The proposed system surfaced Friday after US Customs and Border Protection quietly published a pre-solicitation notice for what it’s calling a Modular Mobile Surveillance System, or M2S2. The listing includes draft technical documents, data requirements, and design objectives.
DHS did not respond to a request for comment.
If M2S2 performs as described, border patrol agents could park their vehicles, raise a telescoping mast, and within minutes start detecting motion several miles away. The system would rely heavily on so-called computer vision, a kind of “artificial intelligence” that allows machines to interpret visual data frame by frame and detect shapes, heat signatures, and movement patterns. Such algorithms—previously developed for use in war drones—are trained on thousands if not millions of images to distinguish between people, animals, and vehicles.
The development of M2S2 comes amid the Trump administration’s sweeping crackdown on undocumented immigrants across the US. As part of this push, which has sparked widespread protests and condemnation for the brutal tactics used by immigration authorities, Congress boosted DHS’s discretionary budget authority to roughly $65 billion.
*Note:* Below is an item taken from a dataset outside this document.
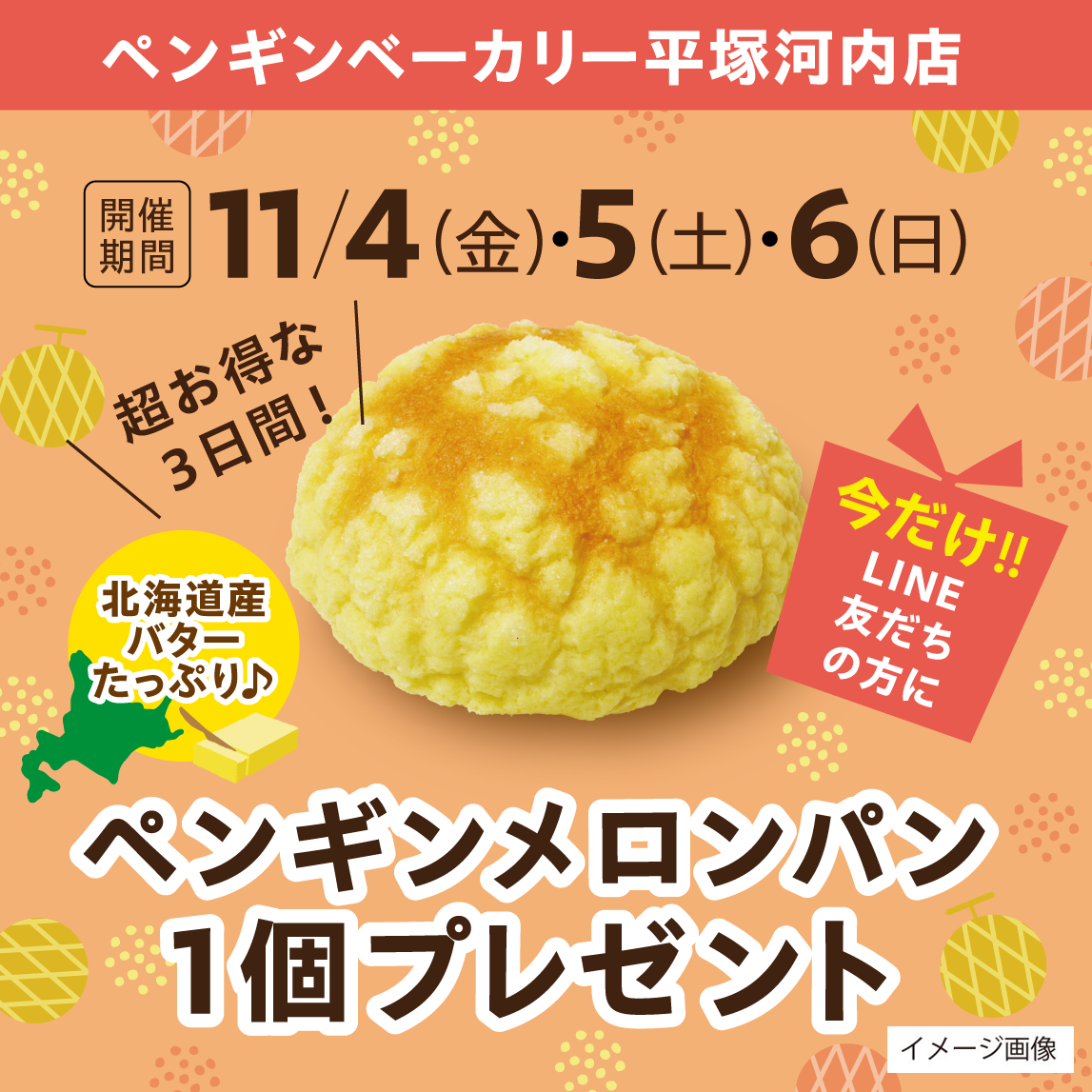 特 典 : 期間中、LINEクーポンを提示いただいたお客様に「ペンギンメロンパン」1個プレゼント

The GOP’s “One Big Beautiful Bill” allocates over $160 billion for immigration enforcement and border measures—most of it directed to DHS—with the funds scheduled to be distributed over multiple years. The administration has sought to increase DHS funding by roughly 65 percent, proposing the largest expansion in the agency’s history to fund new border enforcement, detention capacity, and immigration surveillance initiatives.
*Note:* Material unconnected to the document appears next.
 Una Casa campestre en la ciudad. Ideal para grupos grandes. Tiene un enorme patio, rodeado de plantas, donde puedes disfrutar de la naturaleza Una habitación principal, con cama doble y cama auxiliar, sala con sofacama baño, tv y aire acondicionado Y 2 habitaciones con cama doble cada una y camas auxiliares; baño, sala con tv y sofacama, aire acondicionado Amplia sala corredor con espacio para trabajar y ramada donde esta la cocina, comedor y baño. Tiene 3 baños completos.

According to documents reviewed by WIRED, locations of objects targeted by the system would be pinpointed on digital maps within 250 feet of their true location (with a stretch goal of around 50 feet) and transmit that data across an app called TAK—a government-built tactical mapping platform developed by the US Defense Department to help troops coordinate movements and avoid friendly fire.
DHS envisions two modes of operation: one with an agent on site and another where the trucks sit mostly unattended. In the latter case, the vehicle’s onboard AI would conduct the surveillance and send remote operators alerts when it detects activity. Missions are to be logged start to finish, with video, maps, and sensor data retained for a minimum of 15 days, locked against deletion “under any circumstances.”